We also extend the model to incorporate crop choice, which is important in Vietnam. Farms in the south are much more likely to grow high-value perennial crops, and we find that barriers help explain these differences. Adding crop choice to the model accounts for about one-sixth of the productivity gap, with the split between static and dynamic channels remaining similar.
Other extensions – allowing for a hump-shaped productivity life-cycle pattern or intergenerational spillovers in farming ability – leave our main results largely unchanged.
Policy implications
Our findings have important implications for agricultural policy in developing countries. They suggest that reforms aimed at improving the allocation of resources – such as strengthening property rights, liberalising land markets, or removing size-dependent policies – have benefits that go beyond the immediate efficiency gains.
By raising the returns to becoming more productive, these reforms can also encourage farmers to invest, adopt new technologies, and improve their practices. These dynamic effects compound over time, meaning the full benefits of reform may be substantially larger than static estimates suggest.

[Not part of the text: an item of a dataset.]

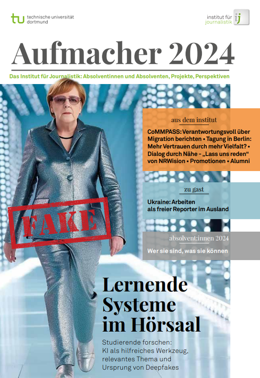In der Titel-Story „Lernende Systeme im Hörsaal" berichtet Christina Elmer, Professorin für digitalen Journalismus und Datenjournalismus, wie das Thema Künstliche Intelligenz in die Lehre am IJ integriert wird. Unter anderem gibt sie Einblick in den Kurs "Let ChatGPT do the work?", in dem Studierende das generative Sprachmodell hinter ChatGPT testen, sich die Ergebnisse ihrer Experimente vorstellen - darunter die Planung einer Radiosendung - und gemeinsam diskutieren, was sich daraus ableiten lässt.

The Vietnam context also highlights that institutional legacies matter. The historical differences between north and south continue to shape agricultural productivity decades later, not just through current misallocation but through their persistent effects on farm investment and dynamics.

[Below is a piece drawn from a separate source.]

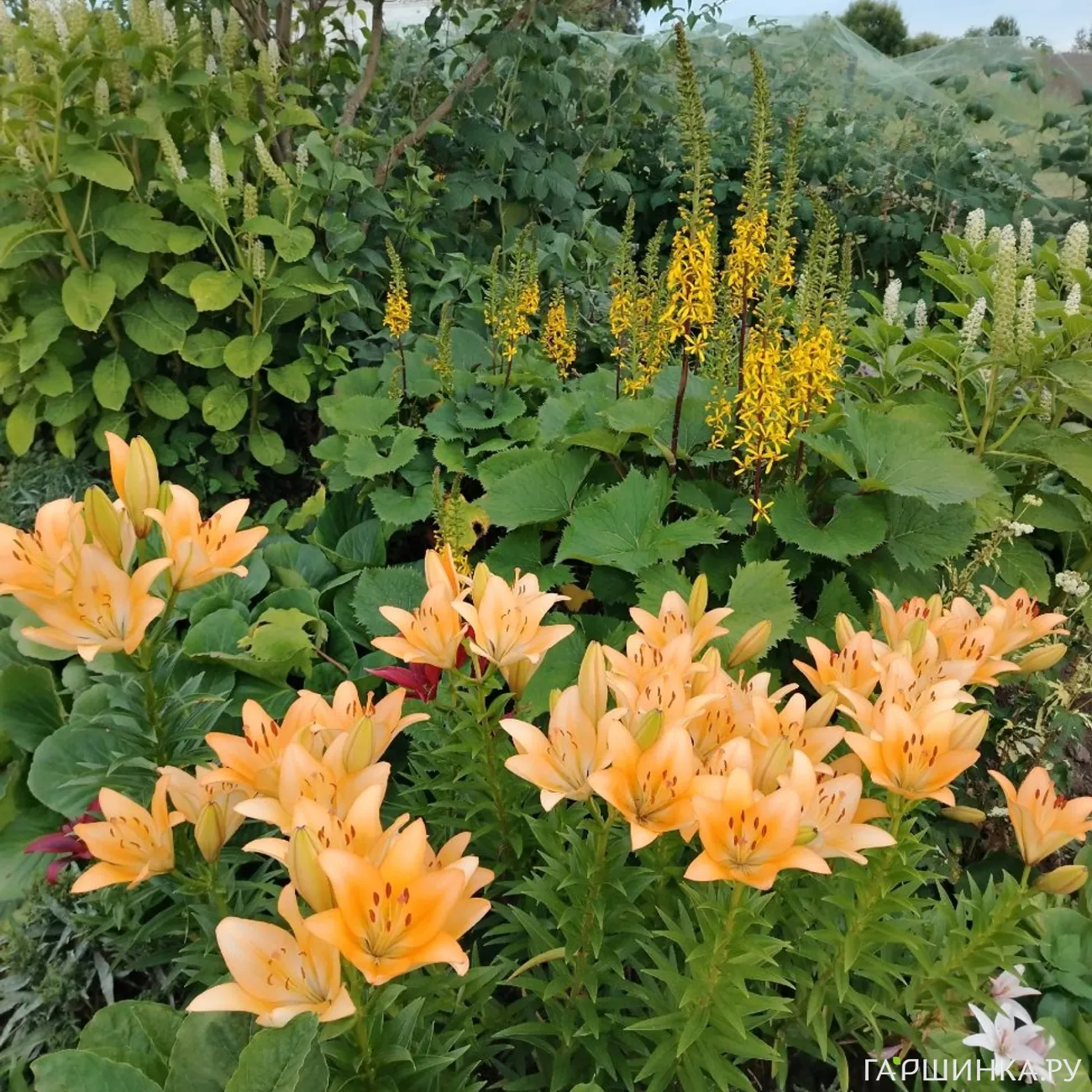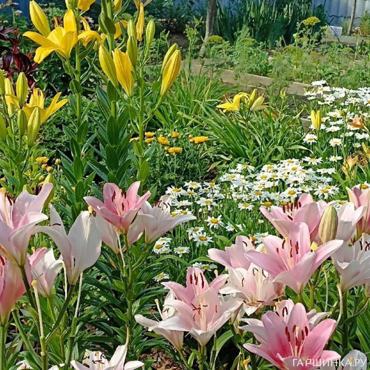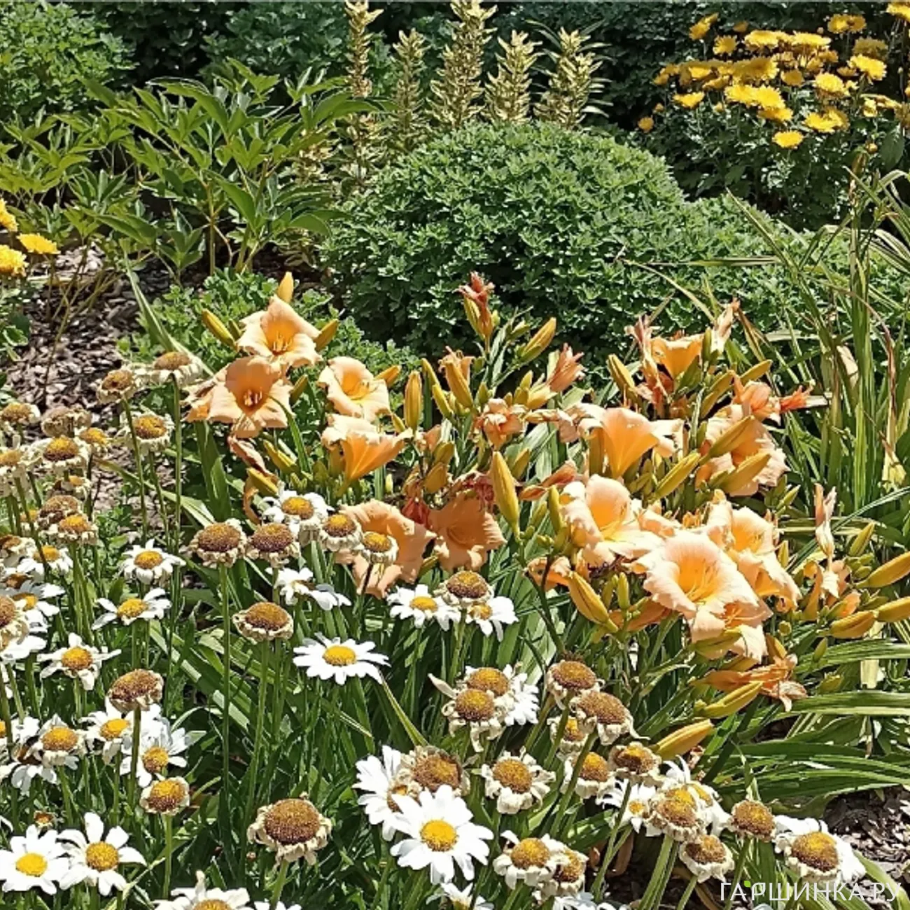 Лилии, лилейники, нивяник, хризантема корейская, цветущая летом, и мультифлора, эхинацея, тысячелистник, пионы.

Using detailed micro data from Vietnam and a model of farm dynamics with endogenous investment, we show that institutional barriers have both static and dynamic effects on productivity. The dynamic effects – operating through reduced investment by farmers – more than double the productivity losses from misallocation. Our findings underscore the importance of considering not just how resources are allocated today, but how barriers shape the incentives that determine tomorrow's productivity.
References
Adamopoulos, T, and D Restuccia (2014), “The size distribution of farms and international productivity differences,” American Economic Review, 104(6): 1667–1697.
Adamopoulos, T, L Brandt, J Leight, and D Restuccia (2022), “Misallocation, selection, and productivity: A quantitative analysis with panel data from China,” Econometrica, 90(3): 1261–1282.
Ayerst, S, L Brandt, and D Restuccia (forthcoming), “Distortions, producer dynamics, and aggregate productivity: A general equilibrium analysis,” American Economic Journal: Macroeconomics, forthcoming.
Benjamin, D, and L Brandt (2003), “Agriculture and income distribution in rural Vietnam during reform: A tale of two regions,” in D Dollar and P Glewwe (eds), Economic growth, poverty and household welfare: Policy lessons from Vietnam, World Bank.
Chen, C, D Restuccia, and R Santaeulàlia-Llopis (2023), “Land misallocation and productivity,” American Economic Journal: Macroeconomics, 15(2): 441–465.
Gollin, D, S Parente, and R Rogerson (2002), “The role of agriculture in development,” American Economic Review, 92(2): 160–164.
Ho, H A (2023), “Land rights in historical Vietnam: Theory and evidence,” Explorations in Economic History, 90: 1–16.
Restuccia, D, D T Yang, and X Zhu (2008), “Agriculture and aggregate productivity: A quantitative cross-country analysis,” Journal of Monetary Economics, 55(2): 234–250.